Exercise material:

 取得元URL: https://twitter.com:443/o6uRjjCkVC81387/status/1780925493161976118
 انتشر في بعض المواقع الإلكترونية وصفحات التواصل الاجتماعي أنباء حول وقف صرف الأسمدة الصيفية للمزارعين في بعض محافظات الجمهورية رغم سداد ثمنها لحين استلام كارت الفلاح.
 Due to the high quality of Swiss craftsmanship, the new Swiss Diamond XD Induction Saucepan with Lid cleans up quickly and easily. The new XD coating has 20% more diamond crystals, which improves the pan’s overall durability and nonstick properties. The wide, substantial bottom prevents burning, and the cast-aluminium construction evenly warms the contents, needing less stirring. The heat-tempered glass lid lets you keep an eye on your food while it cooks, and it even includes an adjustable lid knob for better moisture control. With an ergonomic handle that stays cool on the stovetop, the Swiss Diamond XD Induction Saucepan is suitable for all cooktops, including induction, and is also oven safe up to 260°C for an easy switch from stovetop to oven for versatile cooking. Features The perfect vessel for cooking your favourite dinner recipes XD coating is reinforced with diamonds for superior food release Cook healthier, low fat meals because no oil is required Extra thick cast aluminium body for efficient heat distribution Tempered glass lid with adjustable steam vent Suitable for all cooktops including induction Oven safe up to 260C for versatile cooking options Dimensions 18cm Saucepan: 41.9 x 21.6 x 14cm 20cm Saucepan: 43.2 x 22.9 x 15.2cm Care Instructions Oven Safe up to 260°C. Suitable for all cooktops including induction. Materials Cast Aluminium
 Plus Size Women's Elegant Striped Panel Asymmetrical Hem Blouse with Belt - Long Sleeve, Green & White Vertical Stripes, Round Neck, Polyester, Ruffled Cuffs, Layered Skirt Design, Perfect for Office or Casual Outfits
* * *
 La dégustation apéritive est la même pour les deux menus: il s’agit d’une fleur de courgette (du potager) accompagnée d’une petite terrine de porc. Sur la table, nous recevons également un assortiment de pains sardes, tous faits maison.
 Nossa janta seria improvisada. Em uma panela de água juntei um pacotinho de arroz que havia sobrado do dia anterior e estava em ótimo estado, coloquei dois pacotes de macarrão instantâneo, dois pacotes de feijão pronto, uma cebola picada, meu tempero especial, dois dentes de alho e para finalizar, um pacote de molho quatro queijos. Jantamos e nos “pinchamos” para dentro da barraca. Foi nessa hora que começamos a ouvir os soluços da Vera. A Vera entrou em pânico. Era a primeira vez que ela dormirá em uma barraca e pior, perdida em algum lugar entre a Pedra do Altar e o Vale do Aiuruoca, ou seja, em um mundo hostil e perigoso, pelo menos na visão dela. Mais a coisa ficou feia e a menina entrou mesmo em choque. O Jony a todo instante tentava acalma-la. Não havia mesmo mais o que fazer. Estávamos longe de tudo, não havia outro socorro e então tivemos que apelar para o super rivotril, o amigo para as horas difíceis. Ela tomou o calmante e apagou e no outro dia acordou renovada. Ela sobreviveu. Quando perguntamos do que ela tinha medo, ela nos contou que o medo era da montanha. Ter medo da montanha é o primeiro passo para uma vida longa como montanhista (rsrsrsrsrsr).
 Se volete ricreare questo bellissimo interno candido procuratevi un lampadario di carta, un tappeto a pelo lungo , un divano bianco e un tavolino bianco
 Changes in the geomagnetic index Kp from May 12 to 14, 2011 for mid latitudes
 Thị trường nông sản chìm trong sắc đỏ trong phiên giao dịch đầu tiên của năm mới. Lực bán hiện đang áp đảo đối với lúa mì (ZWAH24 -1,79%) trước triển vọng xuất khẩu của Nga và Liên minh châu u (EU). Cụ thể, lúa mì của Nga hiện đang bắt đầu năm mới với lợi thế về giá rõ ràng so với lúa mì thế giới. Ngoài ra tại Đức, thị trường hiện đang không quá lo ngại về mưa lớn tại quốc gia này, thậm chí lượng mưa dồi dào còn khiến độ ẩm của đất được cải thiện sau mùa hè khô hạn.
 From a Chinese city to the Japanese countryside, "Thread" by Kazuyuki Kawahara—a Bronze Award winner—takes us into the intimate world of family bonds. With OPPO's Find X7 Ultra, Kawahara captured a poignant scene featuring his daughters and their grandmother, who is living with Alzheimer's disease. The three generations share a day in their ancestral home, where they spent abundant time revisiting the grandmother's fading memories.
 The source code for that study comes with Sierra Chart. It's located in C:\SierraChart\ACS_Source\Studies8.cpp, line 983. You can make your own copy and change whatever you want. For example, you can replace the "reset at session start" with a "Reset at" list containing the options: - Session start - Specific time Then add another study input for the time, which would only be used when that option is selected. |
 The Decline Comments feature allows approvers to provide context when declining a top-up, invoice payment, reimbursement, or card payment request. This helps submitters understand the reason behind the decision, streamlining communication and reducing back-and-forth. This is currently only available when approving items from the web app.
...
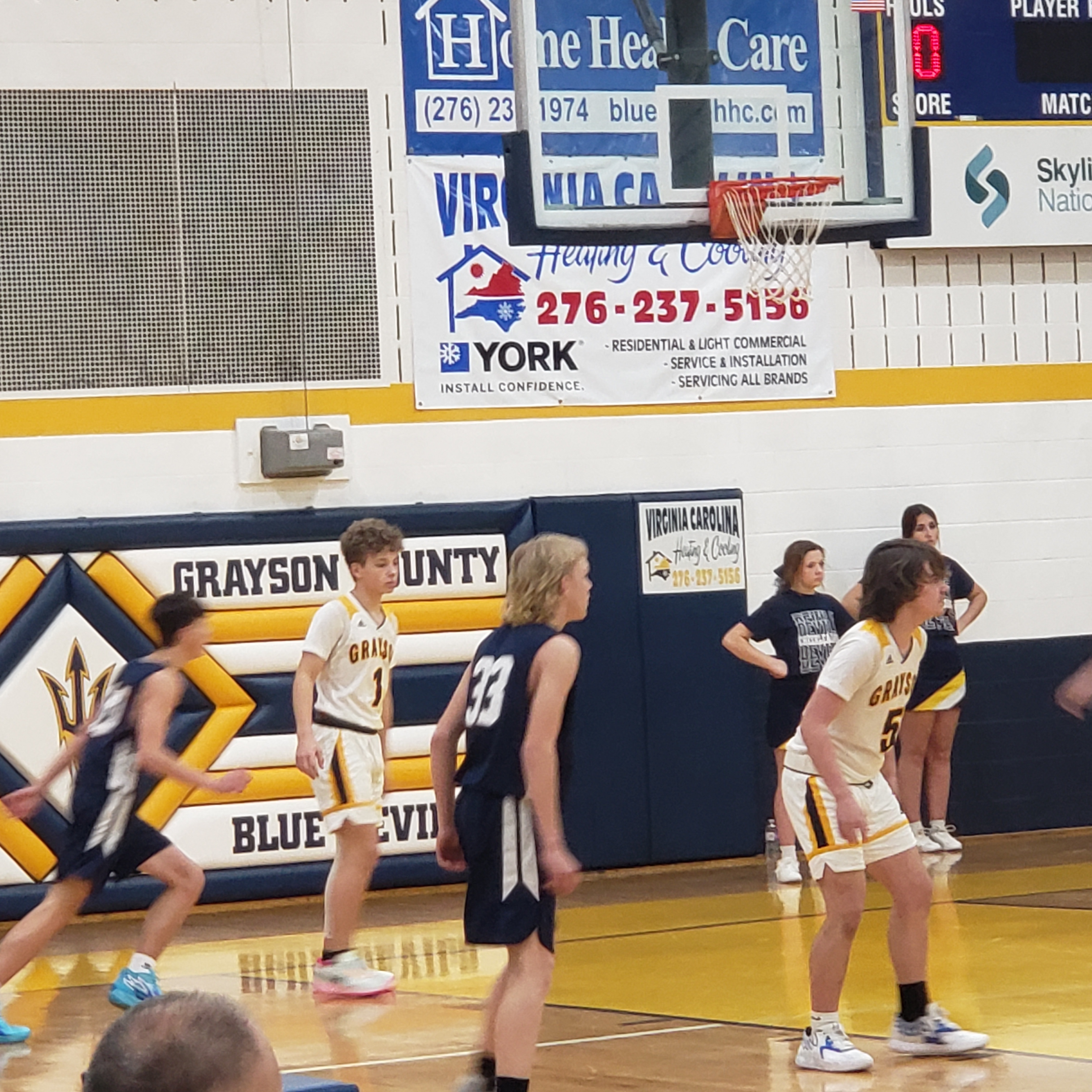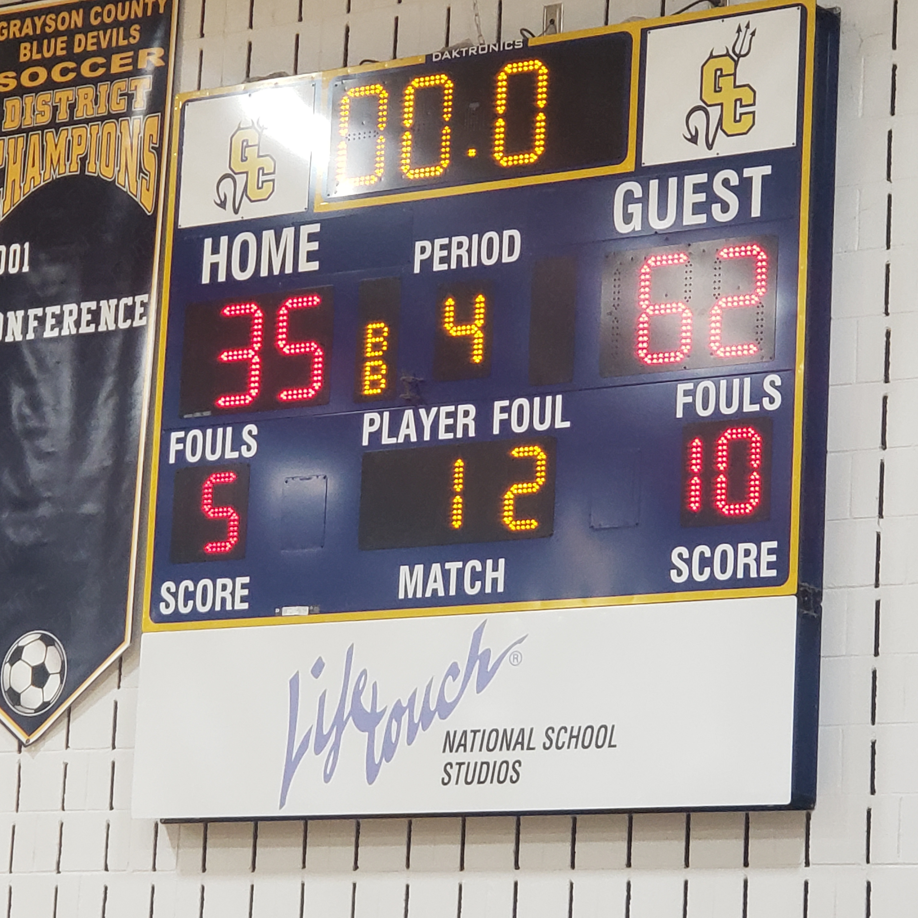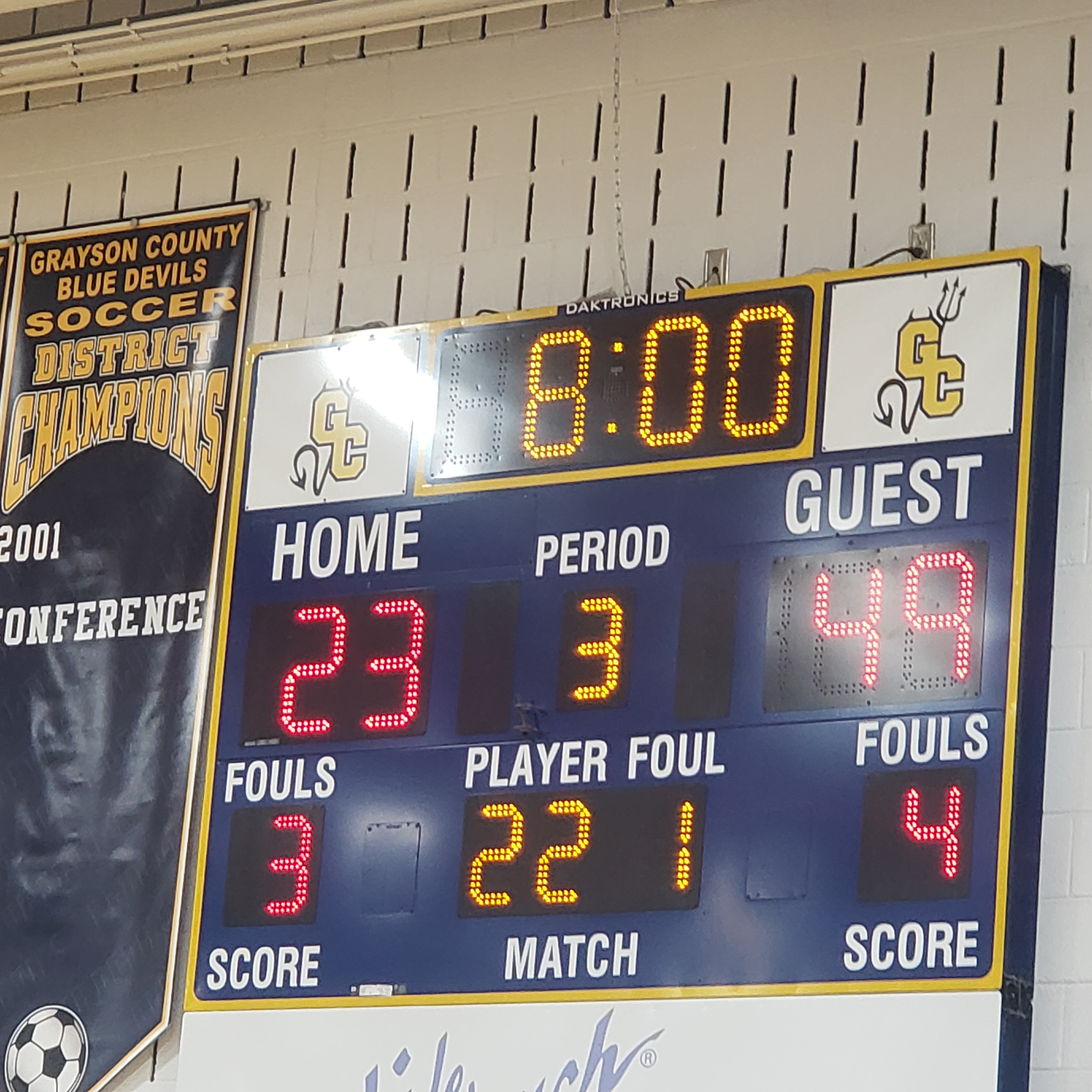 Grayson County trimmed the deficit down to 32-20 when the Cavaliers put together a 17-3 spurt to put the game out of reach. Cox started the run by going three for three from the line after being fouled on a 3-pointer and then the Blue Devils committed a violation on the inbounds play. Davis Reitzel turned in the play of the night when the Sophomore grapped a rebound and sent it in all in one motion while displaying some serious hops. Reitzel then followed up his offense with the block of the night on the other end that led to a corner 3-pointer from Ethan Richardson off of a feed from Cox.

What this task involves:
Working from the material above, restate word for word the lines between the line with "Thị trường nông" and the line with "From a Chinese", both included, and only those.

Task answer:
 Thị trường nông sản chìm trong sắc đỏ trong phiên giao dịch đầu tiên của năm mới. Lực bán hiện đang áp đảo đối với lúa mì (ZWAH24 -1,79%) trước triển vọng xuất khẩu của Nga và Liên minh châu u (EU). Cụ thể, lúa mì của Nga hiện đang bắt đầu năm mới với lợi thế về giá rõ ràng so với lúa mì thế giới. Ngoài ra tại Đức, thị trường hiện đang không quá lo ngại về mưa lớn tại quốc gia này, thậm chí lượng mưa dồi dào còn khiến độ ẩm của đất được cải thiện sau mùa hè khô hạn.
 From a Chinese city to the Japanese countryside, "Thread" by Kazuyuki Kawahara—a Bronze Award winner—takes us into the intimate world of family bonds. With OPPO's Find X7 Ultra, Kawahara captured a poignant scene featuring his daughters and their grandmother, who is living with Alzheimer's disease. The three generations share a day in their ancestral home, where they spent abundant time revisiting the grandmother's fading memories.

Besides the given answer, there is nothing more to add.